Output the data verbatim, minus the images.
START SOURCE MATERIAL
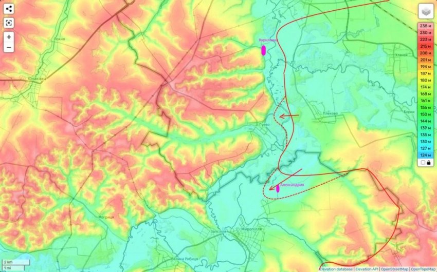 "Также я специально все вынес на рельефную карту, чтобы вы смогли понять сложность задачи, которая стоит перед нашими парнями, если у них есть задача удара в обход Суджи с юга. На самом деле занятие Плёхово, особо эту задачу не решает. Все зависит от контроля холмов западнее села. Только это позволит нам заметно усложнить логистику Суджанской группировки ВСУ. Но кроме того, что противник расположен на холмах, он еще и прикрыт довольно полноводной даже сейчас рекой Псёл", - проинформировал в своём Telegram-канале Юрий Подоляка.
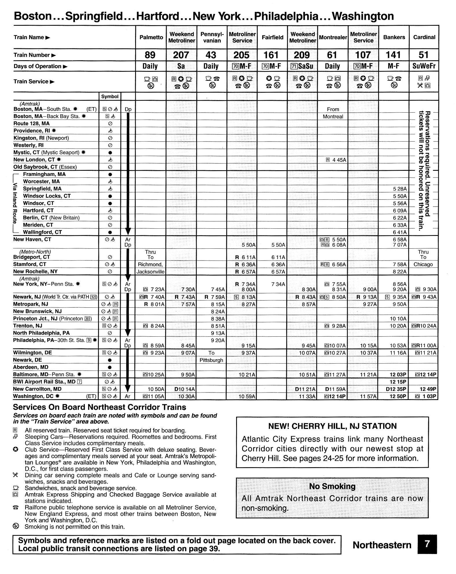 This timetable image is ©1994 National Railroad Passenger Corporation (Amtrak).
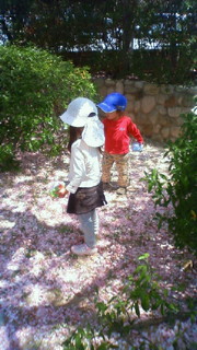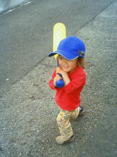 球場横の広場で遊ぶ愛息子。
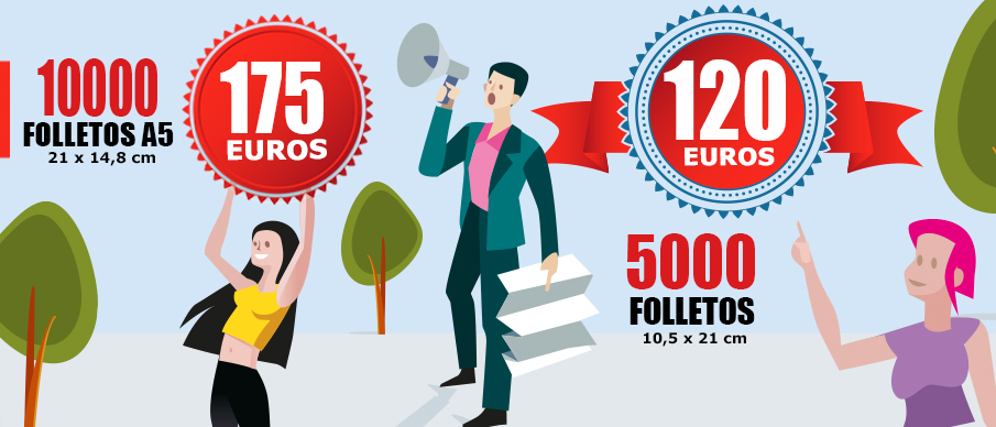 Folletos 14,8x10,5 cms.Impresos a dos caras a todo color y con papel de 115 grs con brillo. Iva y diseño no incluido. -
END SOURCE MATERIAL
§ OUTPUT BELOW:
 "Также я специально все вынес на рельефную карту, чтобы вы смогли понять сложность задачи, которая стоит перед нашими парнями, если у них есть задача удара в обход Суджи с юга. На самом деле занятие Плёхово, особо эту задачу не решает. Все зависит от контроля холмов западнее села. Только это позволит нам заметно усложнить логистику Суджанской группировки ВСУ. Но кроме того, что противник расположен на холмах, он еще и прикрыт довольно полноводной даже сейчас рекой Псёл", - проинформировал в своём Telegram-канале Юрий Подоляка.
 This timetable image is ©1994 National Railroad Passenger Corporation (Amtrak).
 球場横の広場で遊ぶ愛息子。
 Folletos 14,8x10,5 cms.Impresos a dos caras a todo color y con papel de 115 grs con brillo. Iva y diseño no incluido. -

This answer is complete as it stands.